Check the PCI topology using the nvidia-smi-topo command:
$ nvidia-smi topo -m
GPU0 mlx5_0 mlx5_1 mlx5_2 mlx5_3 mlx5_4 mlx5_5 CPU Affinity NUMA Affinity
GPU0 X NODE NODE PIX PIX PIX PIX 0-19 0
mlx5_0 NODE X PIX NODE NODE NODE NODE
mlx5_1 NODE PIX X NODE NODE NODE NODE
mlx5_2 PIX NODE NODE X PIX PIX PIX
mlx5_3 PIX NODE NODE PIX X PIX PIX
mlx5_4 PIX NODE NODE PIX PIX X PIX
mlx5_5 PIX NODE NODE PIX PIX PIX X
Legend:
X = Self
SYS = Connection traversing PCIe as well as the SMP interconnect between NUMA nodes (e.g., QPI/UPI)
NODE = Connection traversing PCIe as well as the interconnect between PCIe Host Bridges within a NUMA node
PHB = Connection traversing PCIe as well as a PCIe Host Bridge (typically the CPU)
PXB = Connection traversing multiple PCIe bridges (without traversing the PCIe Host Bridge)
PIX = Connection traversing at most a single PCIe bridge
NV# = Connection traversing a bonded set of # NVLinks
Make sure to use adapter with the PIX attribute (single PCIe bridge), in our example here we will use mlx5_3 device (back to back connected). Note that if there is no PCI switch on the server, you will not see the PIX option, use Node instead.
Adapter Firmware Configuration
Set PCIe Max Accumulative Outstanding read bytes (these changes persist across reboots but you may need to reconfigure after firmware upgrade). This parameter affects the bandwidth if this is too low of a value, as there are not enough outstanding read requests. For higher bandwidth systems (e.g., PCIe gen4 systems with HDR adapters need an even higher value) MAX_ACC_OUT_READ=44 is suggested to reach full bandwidth for HDR links.

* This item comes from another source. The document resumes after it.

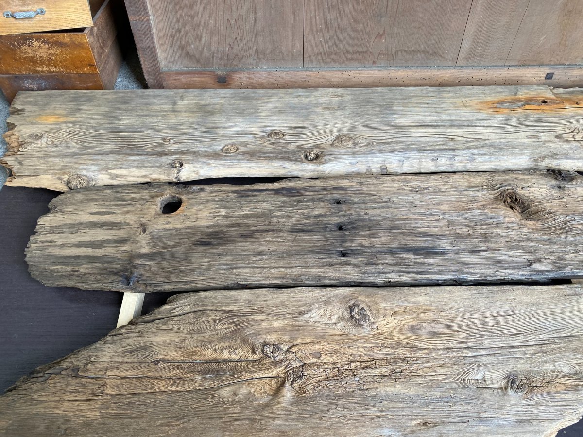 今回の舟板は、びわ湖の田舟の一部で、あまり大きいことはないですが、お店の看板や花台なんかにいかがでしょうか?
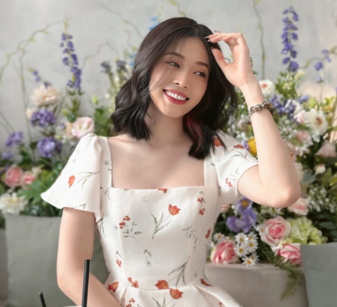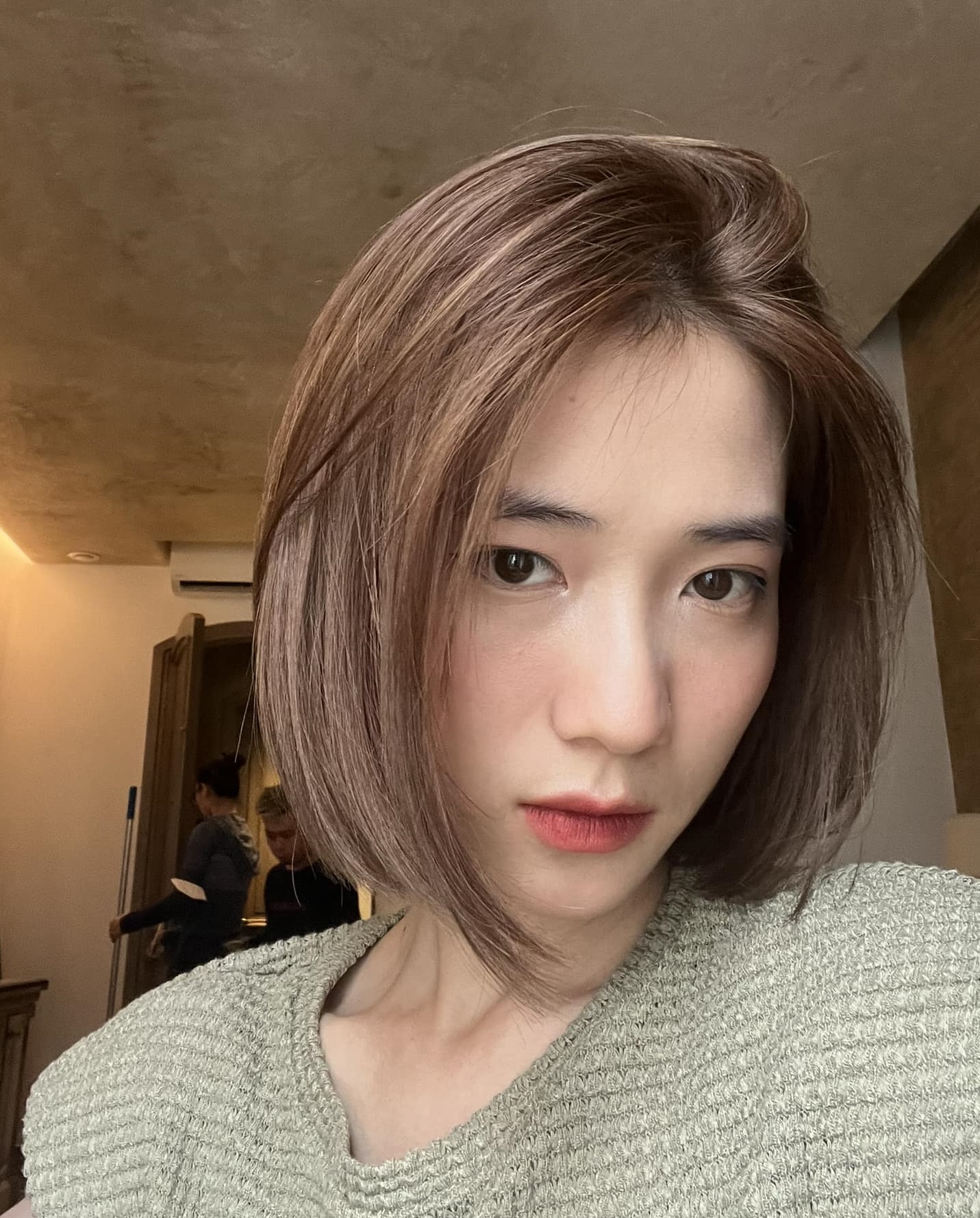 Hot mom Trâm Anh chọn màu nhuộm nâu hạt lanh cho mái tóc ngắn. Màu nhuộm này giúp diện mạo của Trâm Anh trở nên rạng rỡ và nổi bật. Bên cạnh đó, tông màu nâu hạt lanh vẫn đảm bảo sự trang nhã, tinh tế cho diện mạo. Với kiểu tóc ngắn, nhuộm sáng màu, chị em hãy chăm chút mái tóc bằng các sản phẩm như dầu gội và xả chuyên dụng, dầu dưỡng hoặc mặt nạ ủ. Như vậy, mái tóc sẽ có độ bóng mượt, khỏe khoắn.

The configuration below is (MAX_ACC_OUT_READ=32) done on our Tessa cluster (Intel Skylake CPU, PCIe gen3 with HDR links):
$ sudo mst start
$ sudo mlxconfig -d /dev/mst/mt4123_pciconf0 s ADVANCED_PCI_SETTINGS=1
$ sudo mlxconfig -d /dev/mst/mt4123_pciconf0 s MAX_ACC_OUT_READ=32
$ reboot
You will need to do it for the PCIe adapter in use, in case there is more than one.
Note: For NDR links, MAX_ACC_OUT_READ=128 is recommended to be used (with latest FW).
PCIe Configuration
1. Set PCIe Max read request to 4KB. This is important for maximum bandwidth. Linux default is normally 512.

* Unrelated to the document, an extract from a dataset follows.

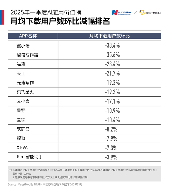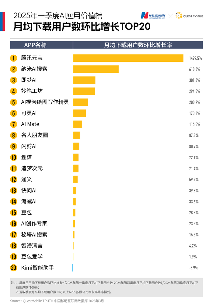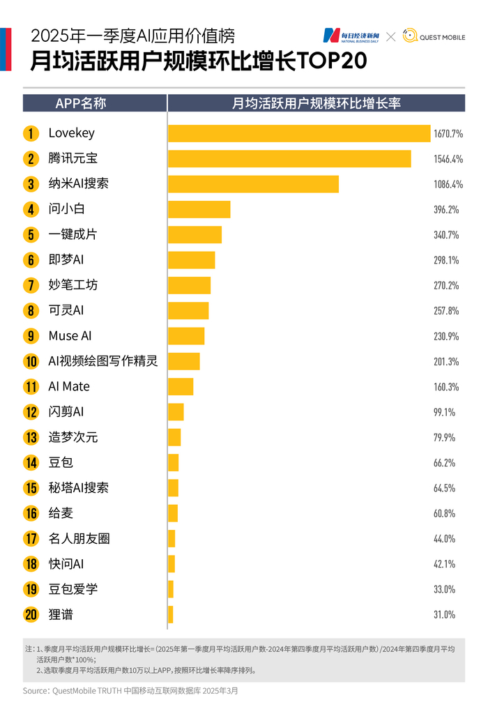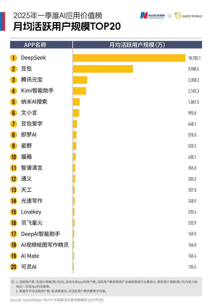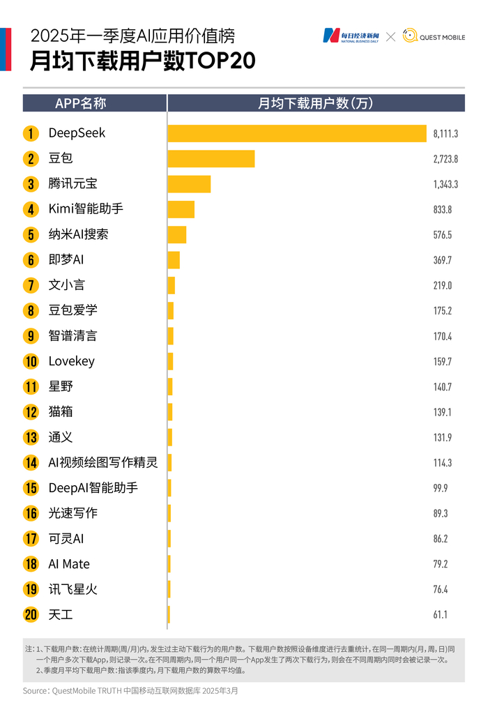 《每日经济新闻》联合QuestMobile发布《2025年一季度AI应用价值榜》,基于下载量与月活跃用户数(MAU)两大核心指标,精准捕捉了这场变革的关键脉络。

$ setpci -d ::207 68.w=5000:f000
Verify that the MadReadReq is set to 4096:
Note: setpci command doesn't survive reboot. For more information see Understanding PCIe Configuration for Maximum Performance.
2. Access Control Services (ACS)
IO virtualization (also known as, VT-d or IOMMU) can interfere with GPU Direct by redirecting all PCIe point-to-point traffic to the CPU root complex, causing a significant performance reduction or even a hang. Make sure that ACS is disabled on the PCIe. A Value of <flag> with ‘+' means enabled, while '-’ means disabled. We would like to have all ACS flags disabled :
In case it is enabled, use the following command to disable it (for the right PCIe address “-s”):
See also https://docs.nvidia.com/deeplearning/nccl/user-guide/docs/troubleshooting.html for some more troubleshooting of the PCIe.
Software
CUDA 11.3
NV_PEER_MEM
NV_PEER_MEM is the name of the package for GPUDirect RDMA, it enables peer-to-peer data transport between the adapter and the GPU. This provides a significant decrease in GPU-GPU communication latency and completely offloads the CPU, removing it from all GPU-GPU communications across the network. In case this is not installed, the data need to be staged to the host memory.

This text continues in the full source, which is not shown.